What you have to do | Please print the full listing below exactly, but not the pictures in it.

Data excerpt |
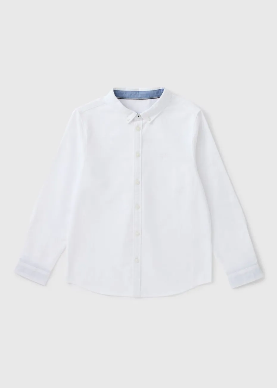 Our crisp white Oxford long sleeve shirt is a timeless classic that will be a staple for any boys wardrobe. Cut from 100% cotton for supreme comfort, this shirt will keep them feeling as good as they look all day long. The long sleeves and button-down collar make it ideal for formal occasions, while the white hue ensures it can be easily paired with any trousers or shorts.
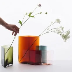 The fluidity and vibrant feel of the mouth blown glass creates the delicate character for the Ruutu vase. Ruutu, which means diamond or square in Finnish, is a collection of vases available in five sizes and seven colours.Created by Ronan and Erwan Bouroullec, Ruutu might be simple in shape but it takes the most skilled craftsmen in the glass factory to produce. The vases are mouth-blown into a steel mould and polished by hand. Each vase is a simplified masterpiece taking seven craftsmen and 24 hours to produce in the Iittala glass factory in Finland.Each Ruutu vase has the designers' engraving on the bottom.
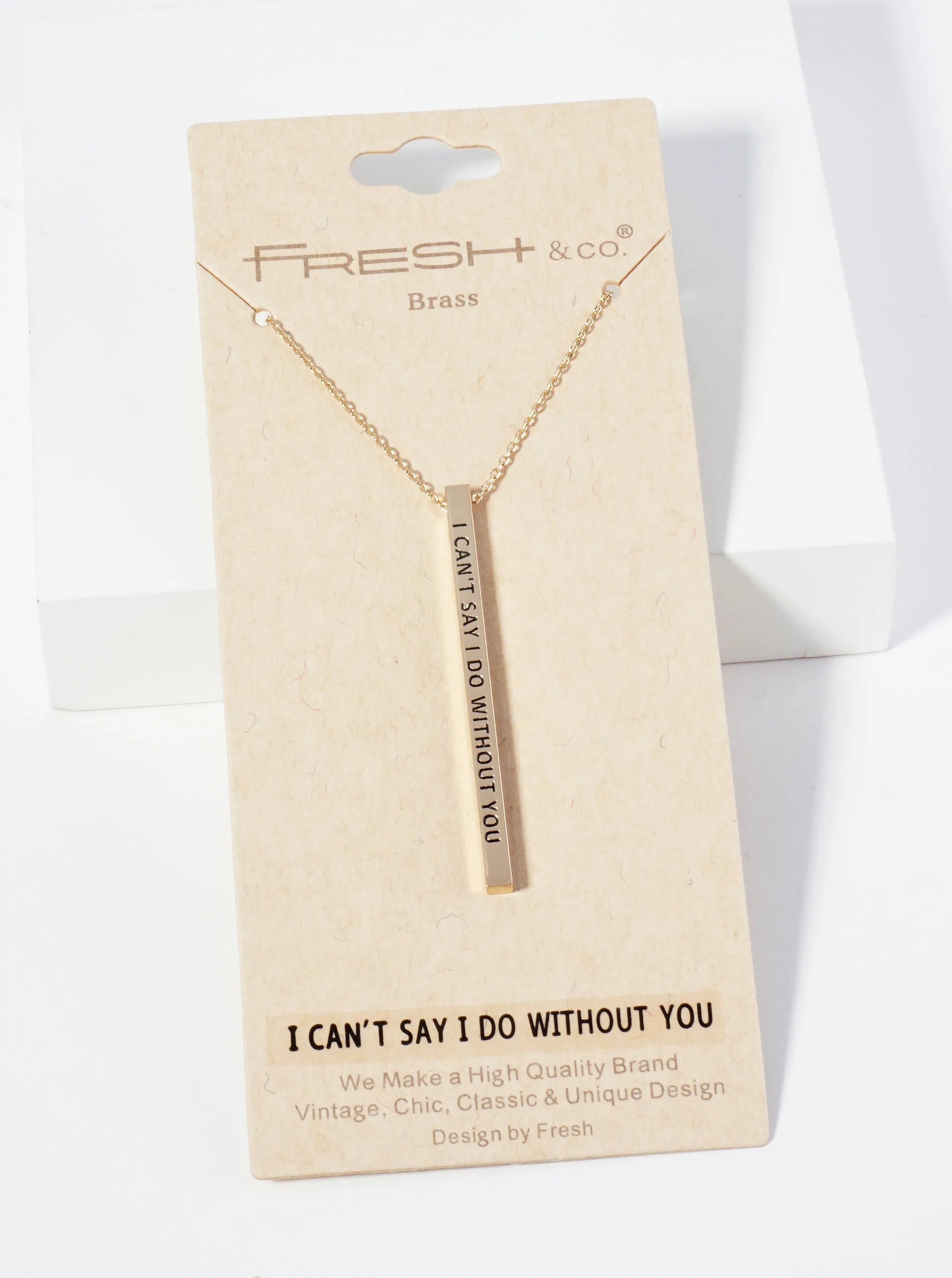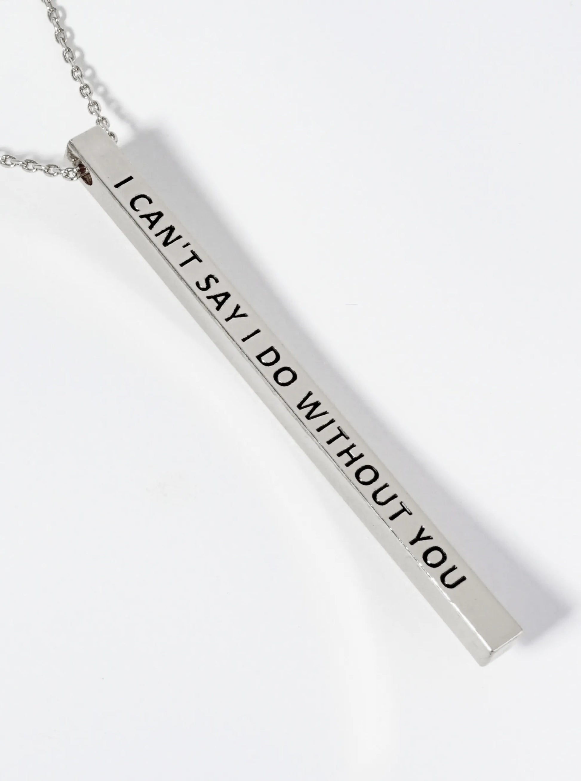 I Cant Say I Do Without You Engraved Vertical Bar Pendant Inspirational Necklace

Answer space |
 Our crisp white Oxford long sleeve shirt is a timeless classic that will be a staple for any boys wardrobe. Cut from 100% cotton for supreme comfort, this shirt will keep them feeling as good as they look all day long. The long sleeves and button-down collar make it ideal for formal occasions, while the white hue ensures it can be easily paired with any trousers or shorts.
 The fluidity and vibrant feel of the mouth blown glass creates the delicate character for the Ruutu vase. Ruutu, which means diamond or square in Finnish, is a collection of vases available in five sizes and seven colours.Created by Ronan and Erwan Bouroullec, Ruutu might be simple in shape but it takes the most skilled craftsmen in the glass factory to produce. The vases are mouth-blown into a steel mould and polished by hand. Each vase is a simplified masterpiece taking seven craftsmen and 24 hours to produce in the Iittala glass factory in Finland.Each Ruutu vase has the designers' engraving on the bottom.
 I Cant Say I Do Without You Engraved Vertical Bar Pendant Inspirational Necklace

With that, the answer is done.